HLA Specificities Are Associated with Prognosis in IGHV-mutated CLL-like High-count Monoclonal B Cell Lymphocytosis

Overview

Journal PLoS One

Specialties General Medicine
Science

Date 2017 Mar 2

PMID 28249016

Citations 2

Authors

Maria Garcia-Alvarez

Miguel Alcoceba

Miriam Lopez-Parra

Noemi Puig

Alicia Anton

Ana Balanzategui

Isabel Prieto-Conde

Cristina Jimenez

Maria E Sarasquete

M Carmen Chillon

Maria Laura Gutierrez

Rocio Corral

Jose Maria Alonso

Jose Antonio Queizan

Julia Vidan

Emilia Pardal

Maria Jesus Penarrubia

Jose M Bastida

Ramon Garcia-Sanz

Luis Marin

Marcos Gonzalez

Affiliations

Soon will be listed here.

Abstract

Introduction: Molecular alterations leading progression of asymptomatic CLL-like high-count monoclonal B lymphocytosis (hiMBL) to chronic lymphocytic leukemia (CLL) remain poorly understood.

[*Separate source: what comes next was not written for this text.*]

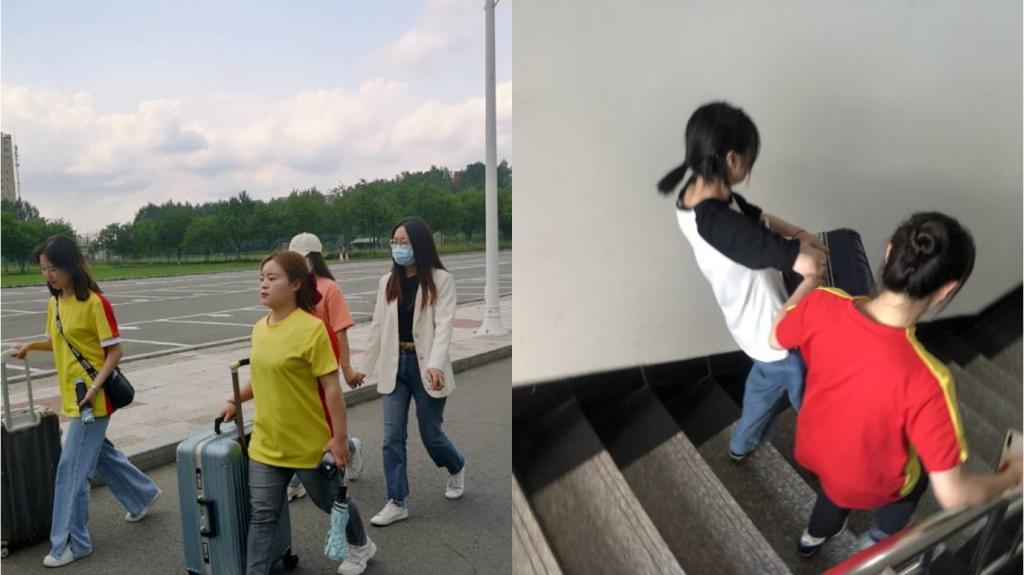 炎炎夏日,党员志愿者们在毕业生寝室楼层轮流值班,以饱满的热情、积极的态度,按照毕业生的需求将行李搬运到指定地点。

Recently, genome-wide association studies have found 6p21.3, where the human leukocyte antigen (HLA) system is coded, to be a susceptibility risk region for CLL. Previous studies have produced discrepant results regarding the association between HLA and CLL development and outcome, but no studies have been performed on hiMBL.

Aims: We evaluated the role of HLA class I (-A, -B and -C) and class II (-DRB1 and -DQB1) in hiMBL/CLL susceptibility, hiMBL progression to CLL, and treatment requirement in a large series of 263 patients diagnosed in our center with hiMBL (n = 156) or Binet A CLL (n = 107).

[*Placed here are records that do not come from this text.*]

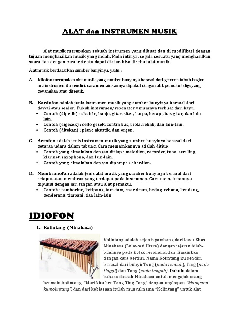 Kolintang yang dimainkan dengan cara dipukul, berasal dari daerah. Hal ini tak lepas karena kekayaan budaya masyarakatnya. Gitar listrik dan lain sebagainya. Dalam bahasa rote, kata sasandu berarti alat yang bergetar. Sampek adalah alat musik petik yang. Kolintang (kulintang) adalah alat musik yang berasal dari daerah minahasa (sulawesi utara). Di indonesia kolintang dikenal sebagai alat musik perkusi bernada dari kayu yang berasal dari daerah minahasa sulawesi utara. Alat musik tradisional saluang berasal dari sumatera barat. Tong (nada rendah), ting (nada tinggi) dan tang (nada biasa). Dengan pengaruh dari hindu, buddha, islam, kristen, dan barat, kulintang merupakan tradisi gong yang terus berkembang. Melainkan berasal dari daerah minahasa, sulawesi utara. Dahulu dalam bahasa minahasa untuk mengajak orang bermain kolintang mari kita bermain tong ting tang dengan ungkapan maimo kumolintang, dan dari kebiasaan. Salah satunya adalah jenis alat musik daerah atau tradisional yang tersebar di segenap daerah tiap tiap provinsi.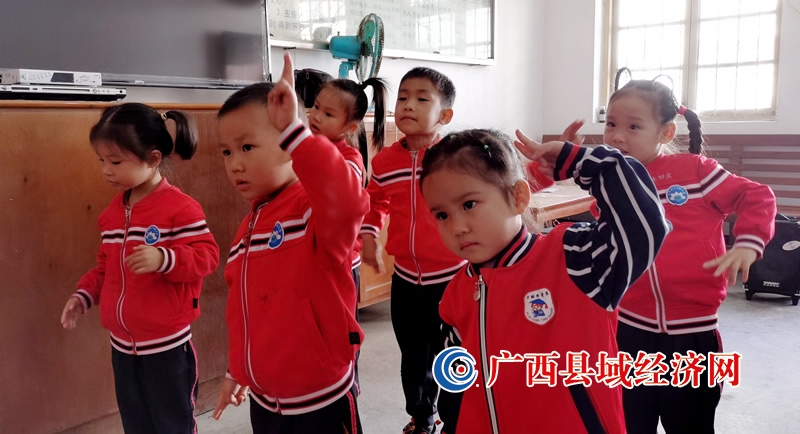 10月24日,广西河池市金城江区五圩镇中心幼儿园的孩子们在表演手语操。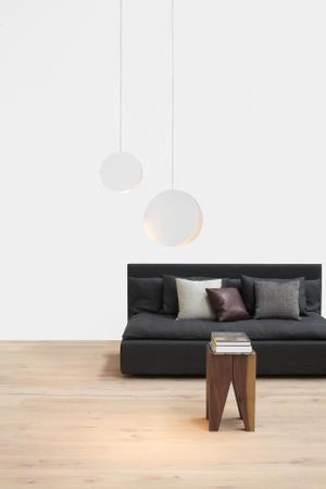 Die LT05 North Pendelleuchte von e15, entworfen von Eva Marguerre und Marcel Besau, besticht durch ihre poetische Schlichtheit und das faszinierende Zusammenspiel von Licht und Form. Reduziert auf einen kreisförmigen Körper, erinnert sie an abstrakte Geometrie oder Mondphasen und verändert je nach Blickwinkel ihr Erscheinungsbild.

Results: No consistent association between HLA specificities and hiMBL or CLL susceptibility was found. With a median follow-up of 7.7 years, 48/156 hiMBLs (33%) evolved to asymptomatic CLLs, while 16 hiMBLs (10%) and 44 CLLs (41%) required treatment. No HLA specificities were found to be significantly associated with hiMBL progression or treatment in the whole cohort. However, within antigen-experienced immunoglobulin heavy-chain (IGHV)-mutated hiMBLs, which represents the highest proportion of hiMBL cases (81%), the presence of HLA-DQB1*03 showed a trend to a higher risk of progression to CLL (60% vs. 26%, P = 0.062). Moreover, HLA-DQB1*02 specificity was associated with a lesser requirement for 15-year treatment (10% vs. 36%, P = 0.012).

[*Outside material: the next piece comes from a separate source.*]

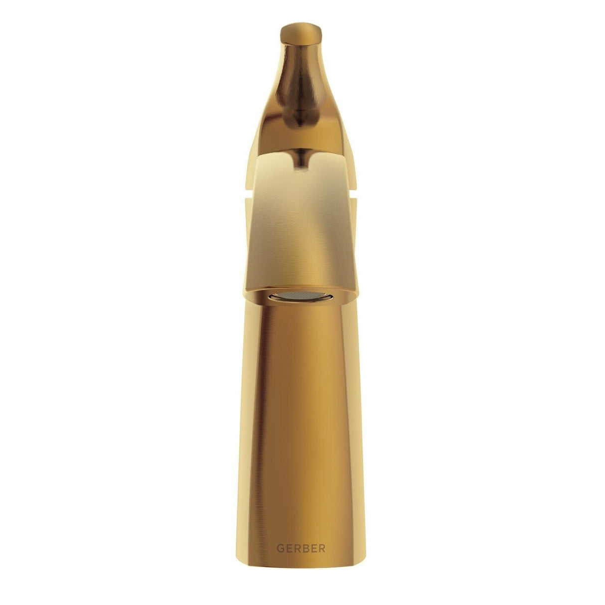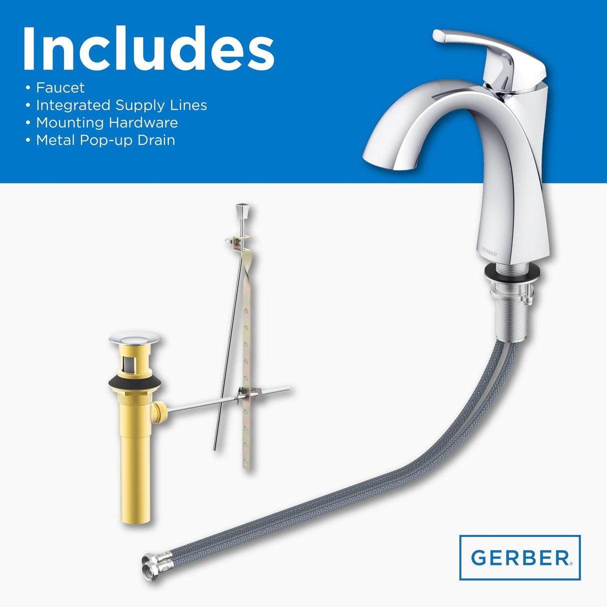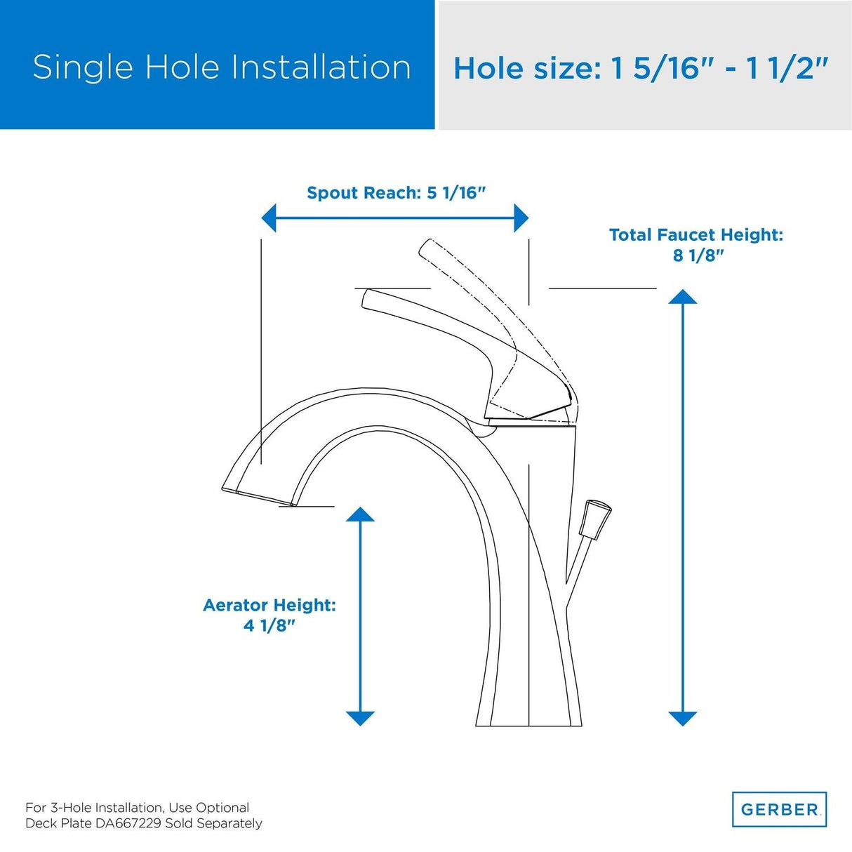 Dynamic and sophisticated, the Vaughn Single Handle Bathroom Sink Faucet combines fluid curves and smooth planes accented by an angled faucet handle. The metal faucet body and ceramic disc valve ensure lasting functionality, smooth operation, and drip-free operation. Single handle design is ADA compliant for ease of use. Delivering a water-saving 1.2 gpm flow rate that reduces utility bills, the laminar flow aerator provides a clear, low-splash, more hygienic stream. This faucet comes with everything needed for quick and complete installation including a metal pop-up drain, integrated supply lines, and all mounting hardware. An optional cover plate, sold separately, covers existing mounting holes for easy replacement. Optional hot and cold temperature indicators meet multifamily and hospitality specifications. Product Information Product Overview Connection Type: 9/16 -24unef 3/8 Compression ConnectionFlow Rate: 1.2gpm Max Flow Rate @ 60 psiInstallation: 1-Hole InstallationSpray/Stream Function: Features a Clear Non-Splash Laminar Water StreamBrand: Gerber Features Cartridge Type: Includes Durable Ceramic Disc Valve for Drip-Free PerformanceWarranty: Limited lifetime Components Drain Type: Includes Metal Pop-Up Drain Assembly for Easy InstallationIncludes: Optional Hot/Cold Temperature IndicatorDeck Plate Sold Separately: Da667229 Optional Deck Plate Sold Separately

Conclusion: In conclusion, our results suggest a role for HLA in IGHV-mutated hiMBL prognosis, and are consistent with the growing evidence of the influence of 6p21 on predisposition to CLL. Larger non-biased series are required to enable definitive conclusions to be drawn.

Citing Articles

HLA Gene Polymorphisms in Romanian Patients with Chronic Lymphocytic Leukemia.

Tizu M, Calenic B, Harza M, Cristea B, Maruntelu I, Caragea A Genet Res (Camb). 2024; 2024:8852876.

PMID: 38449839 PMC: 10917483. DOI: 10.1155/2024/8852876.

Restricted T cell receptor repertoire in CLL-like monoclonal B cell lymphocytosis and early stage CLL.

Blanco G, Vardi A, Puiggros A, Gomez-Llonin A, Muro M, Rodriguez-Rivera M Oncoimmunology. 2018; 7(6):e1432328.

PMID: 29872562 PMC: 5980379. DOI: 10.1080/2162402X.2018.1432328.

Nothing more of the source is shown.